ISS - Stazione Spaziale Internazionale

Scrivimi

"Nell'estate del 1894 dall'alta montagna di Oropa contemplando il Biellese pensai che l'uomo potesse trovare nello spazio nuove energie, nuove risorse e nuovi mezzi di comunicazione."
Guglielmo Marconi
 

"Affacciati alla finestra credevamo di scoprire un nuovo universo, abbiamo impiegato anni per capire
che sul davanzale c’era un gatto, il nuovo universo eravamo noi riflessi capovolti nel suo occhio..."
Tratto dal libro di Gianfranco Sinigaglia, I4BBE, "Elementi di tecnica radioastronomica"


Il mondo della Radio mi conquistò quando avevo 9 anni e mio padre una sera mi disse: "...vieni che ti spiego la radio". Prese una radio e iniziò a spiegarmi come funzionava. Era curioso che girando la manopola di sintonia di quella radio si sentivano voci, musiche. Ed era bella quella scala parlante illuminata, con tutte quelle scritte. "Vedi, se giro la manopola si sente la radio che è scritta lì.....", mi diceva. Ma evidentemente avevo altro per la testa. Quelle spiegazioni però mi incuriosirono. Non sapevo allora che la Radio mi aveva infatti contagiato. Poi mi regalò una radio, una di quelle che si trovano ormai solo alle fiere dei surplus.

Grazie al libro di Ravalico




















capii perché da una radio potevano uscire voci e musiche. Iniziai a costruire i miei primi rudimentali ricevitori.

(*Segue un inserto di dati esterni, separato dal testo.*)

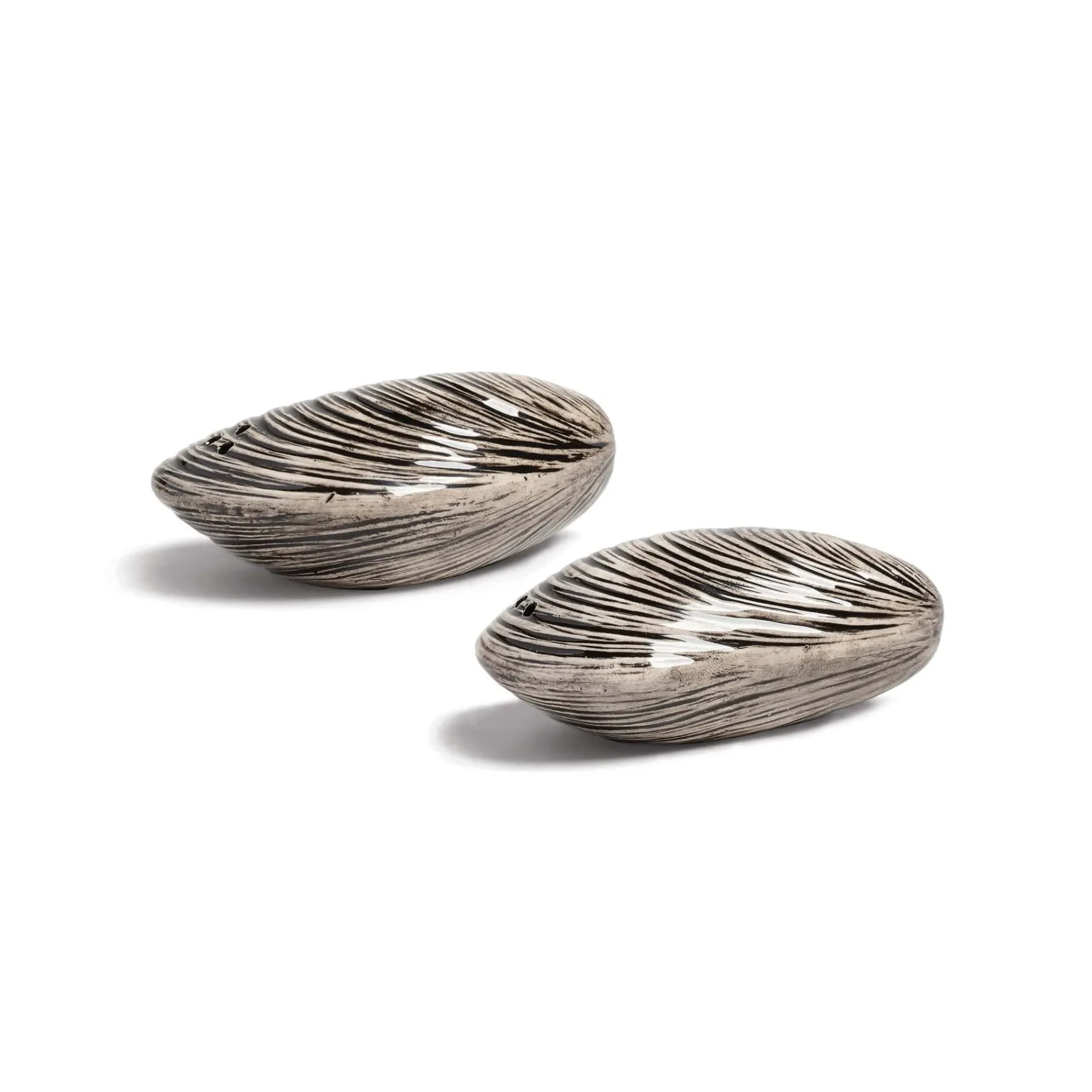 Hand-painted in earthy tones, the mussel shakers are very realistic. Use them to add salt and pepper to seafood salads and golden French fries.

Mi regalarono una radio multibanda, con le onde corte. Il design tipo militare di quella radio, le nuove bande ricevibili e l'ascolto di nuove stazioni mi fecero immergere ancora di più in quel mondo. Insieme ad un mio amico esploravo l'etere, di sera. Fu proprio durante una di quelle serate che ascoltammo una
stazione numero. Quella voce ci affascinava. Era come aprire una porta ed entrare in un mondo ignoto.
Erano gli anni della guerra fredda. L'ascolto dell'Unione Sovietica faceva sempre un certo effetto.
Fu una grande sorpresa quando ascoltai la
Voice of America, dagli Stati Uniti, il mio primo DX transoceanico.

Tutto il mondo con la radio, di Elio Fior, Maurizio Montanari, Enrico Oliva, Dan Rolla, Andrea Tosi e Giuseppe Zella










 











raccontava la radio in modo appassionante.  


Ho imparato il codice Morse gradualmente, trascrivendo i segni su un foglio. Ecco un esempio, tratto da un vecchio quaderno di stazione del 1977.
























Sono le due stazioni costiere
EAD, Spagna, e OST, Belgio. La mia radio però non aveva il BFO, le stazioni si sentivano così: CW in AM.

Un giorno ebbi fra le mani dei walkie-talkie. Alcuni di essi hanno stampato sul frontale il codice Morse. Mi divertivo a chiamare sul canale 14 CB in telegrafia. Trasmettevo "cerco qualcuno sul canale 14", ma evidentemente la potenza era troppo bassa, non mi sentiva nessuno e poi non sapevo ancora che in CB non si trasmette in telegrafia.

Un amico mi parlò dei baracchini. Il mio primo baracchino fu uno
Zodiac M-5026

 


Sirio14 era la mia sigla: modulavo con un'antenna da barra mobile sul davanzale della finestra, al quinto piano. La CB, negli anni '70, era piena di amici, di bailame, portanti: la sera però si facevano delle belle ruote.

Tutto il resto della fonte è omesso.